Use EXIT SCRIPT for debugging.

Add a new  tab "## Exit Script ##" which contains the following commands

     TRACE ;

     TRACE === EXIT SCRIPT === ;

     exit script ;

This tab will exit the script cleanly and can be promoted and demoted between the tabs so you can control the data load rather than loading everything and seeing what works (or not!).

Demote the EXIT SCRIPT tab so you just load your mapping tables & first table load tab.

Run the script to load the first table, if it works, promote the EXIT SCRIPT tab, and load the next table.

If the load fails or you have synthetic keys, fix the issues before loading the next table and debugging will be much simpler.

I find moving an EXIT SCRIPT tab through the script tab  by tab invaluable when testing.

Fix the errors early on and they do not propagate through the model.

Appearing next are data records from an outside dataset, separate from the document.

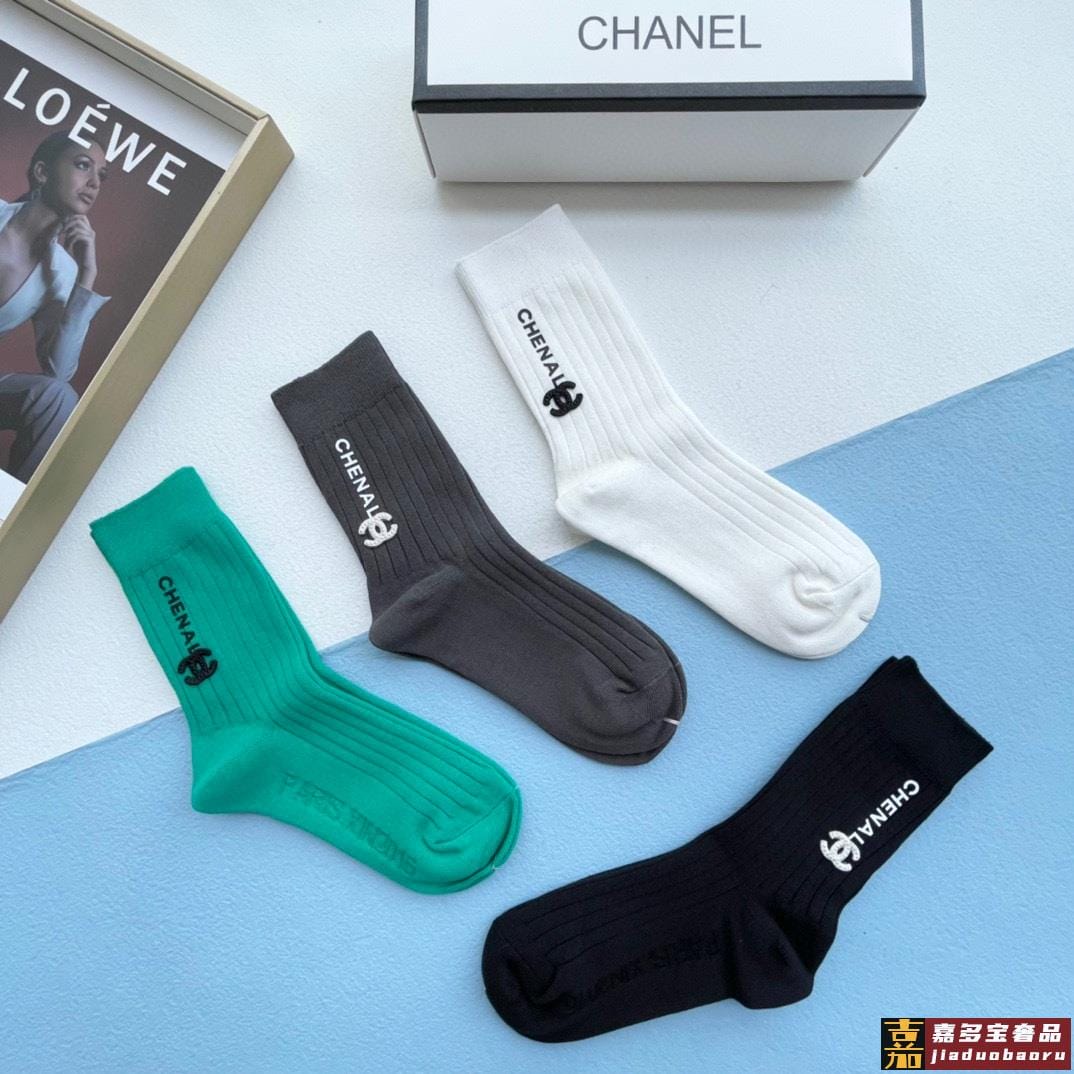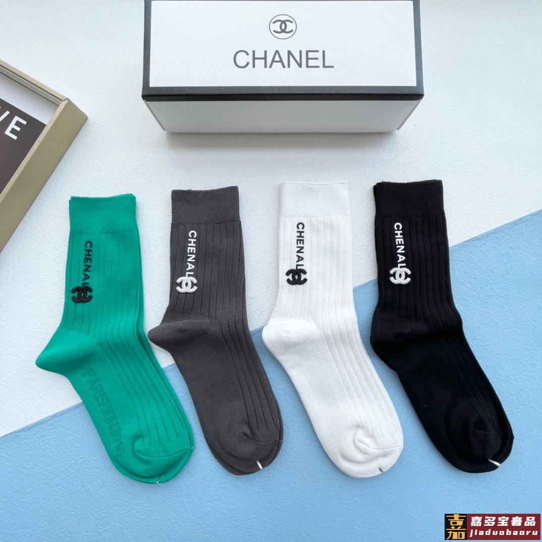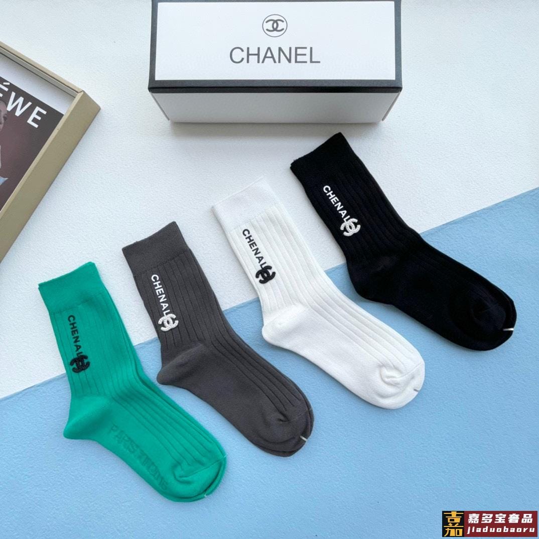 配包装一盒四双香奈儿高品质超级爆款网红袜子小香家官网同步刺绣
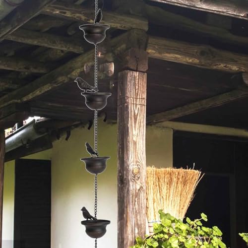 ✅Aesthetic Charm: Transform your boring gutters with this rain chain that showcases 18 beautiful metal birds adorned with a dark bronze finish. The birds enhance the exterior of your home and guide rainwater flow for maximum efficiency.
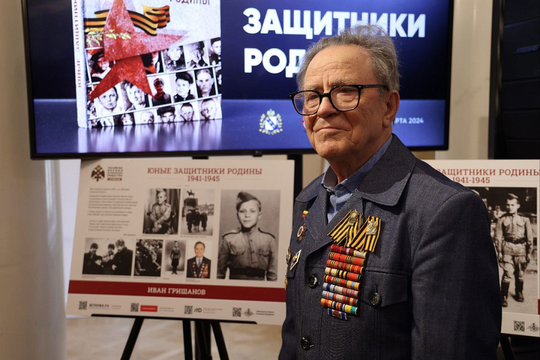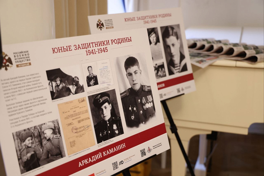 Кроме того, гостям мероприятия была представлена одноименная стендовая выставка РВИО «Юные защитники Родины». Она создана Российским военно-историческим обществом совместно с музеем «Юные защитники Родины» – филиалом Курского областного краеведческого музея. Один из героев выставки - ветеран Великой Отечественной войны, поэт-фронтовик, участник Курской битвы Иван Гришанов.
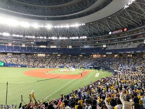 ボールは、外野の深いところで跳ね、原口の代走熊谷はホームベースを経由してから、歓喜の水軍団の後ろに合流した。
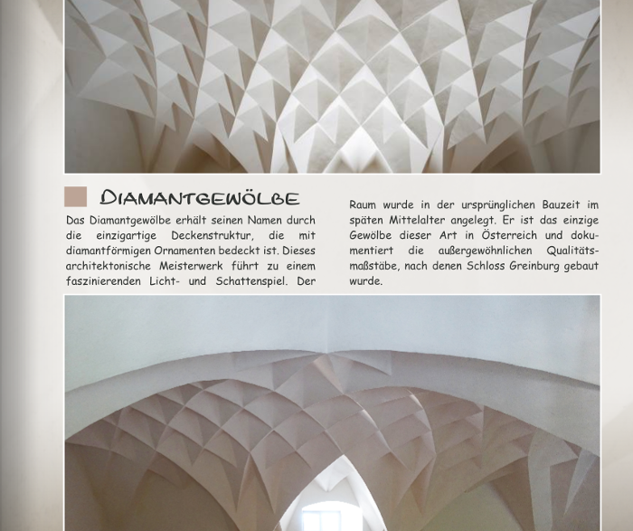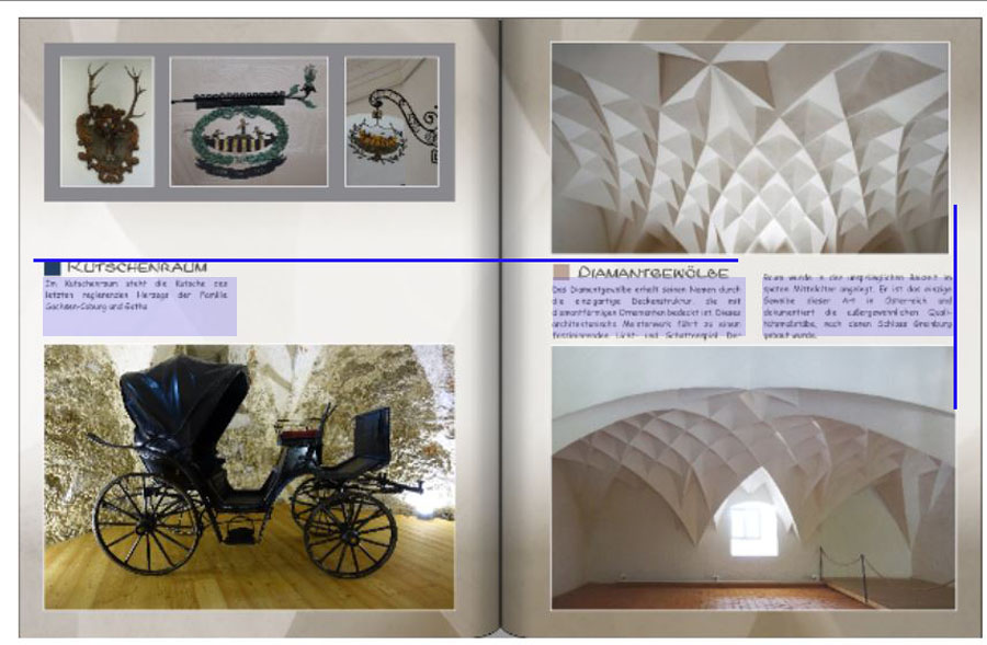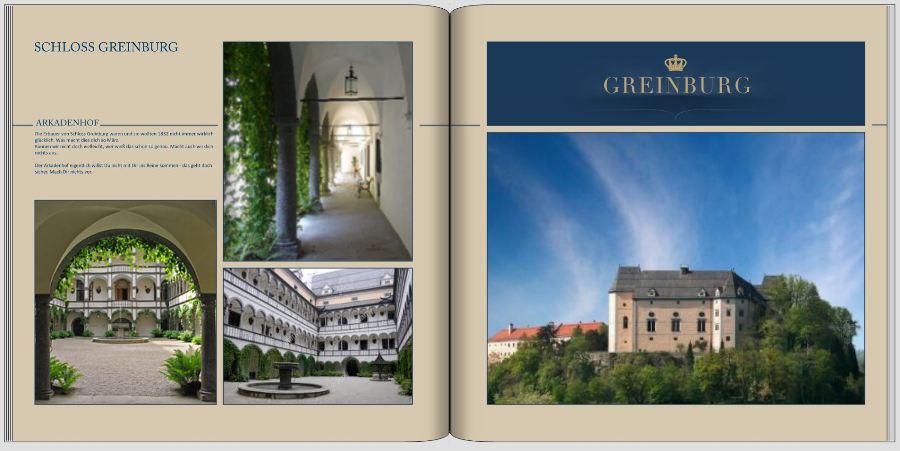 Re: Schloss Greinburg - wie gestalten?pitty hat geschrieben: Noch ein kleiner Vorschlag: Die Textblöcke Kutschenraum und Diamantgewölbe würde ich auf die selbe Höhe bringen. Hallo pitty, die Textblöcke sind in gleicher Höhe bei der Überschrift, würdest du die unteren Zeilen angleichen und zwischen Überschrift und Textanfang Leerzeilen setzen? pitty hat geschrieben: Viel wesentlicher ist aber, dass wir fast überall mit querformatigen Bildern konfrontiert werden (Landschaft, Fernseh- und Computerbildschirme, Kinoleinwand...). Diese Eindrücke in Hochkantbüchern zu präsentieren ist tatsächlich schwierig.
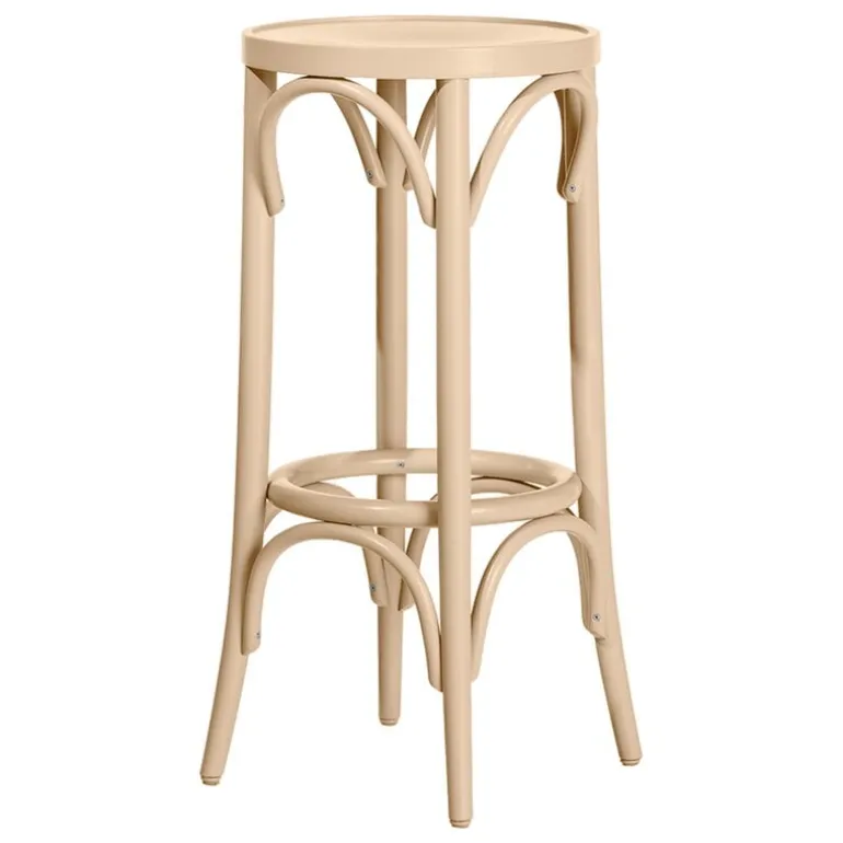 Barstool 73 by TON is characterized by a curved and delicate silhouette inspired by traditional café chairs. The classic barstool is still manufactured at the TON furniture factory in Czech Republic by traditional methods: the robust frame is decorated with eight beechwood rods that have been bent by hand.

Use FIRST N  to limit data.

If a global Limited Load from debug does not load valid data for testing you can use a FIRST command to limit the rows from a large table for testing. This has to prefix each load you want to limit. The number is an integer with no thousand separator  e.g. FIRST 10000

REMEMBER TO REMOVE ANY FIRST N COMMANDS WHEN TESTING IS FINISHED - USE SEARCH & REPLACE!

Avoid using Joins

I see you have some joins of tables that only have a few columns - I would not use a join but would use a mapping load even if it needs 5 or 6 mapping tables to get the result as this is faster than using joins.

For example this join could be done using 2 mapping tables Material_2_MUG_Desc  & Material_2_Mat_Desc

     LEFT JOIN(TEMP_CustomFLWithOutTPData)

     LOAD Material,

          [MUG Description] AS CFLMUGDescription,

          [Material Description] AS CFLMaterialDescription

     RESIDENt TABLE_PDM;

For more details see this post  Don't join - use Applymap instead

Try using QVDs instead of RESIDENT load

It may be worth testing using QVDs instead of resident tables.

I have found in some cases it is faster to store a table to QVD, drop the original table and reload the QVD compared to using RESIDENT.

Finally read the Best Practices for Data Modelling that has been posted earlier in this thread.

Not applicable
Author

To all ,

I have a big doubt regarding the QVW size before and after editing script for loading some more qvds. Actual size of my qvw was 191 mb and after adding load statements for some more qvds made the qvw file size to 306 mb. But the load was not completed successfully at all. How does this size change occurred ?

-James

Not applicable
Author

Colin Albert / Ruben Marin ,

Any idea about this size change ?

rubenmarin

If the load wasn't completed I don't have a clue about size change. The last modified date coincides with that failed load? some scheduled task overwriting the file?

Is the ErrorMode set to 0? this will ignore errors on reload.

Colin-Albert

If the reload fails, then the QVW will not be overwritten and the file should remain as-is before the reload started.

I do not know why you are seeing a change in file size.

When the reload was not successfull, did the task indicate as failed with a red X in the status window or was the task showing as successful in the task history?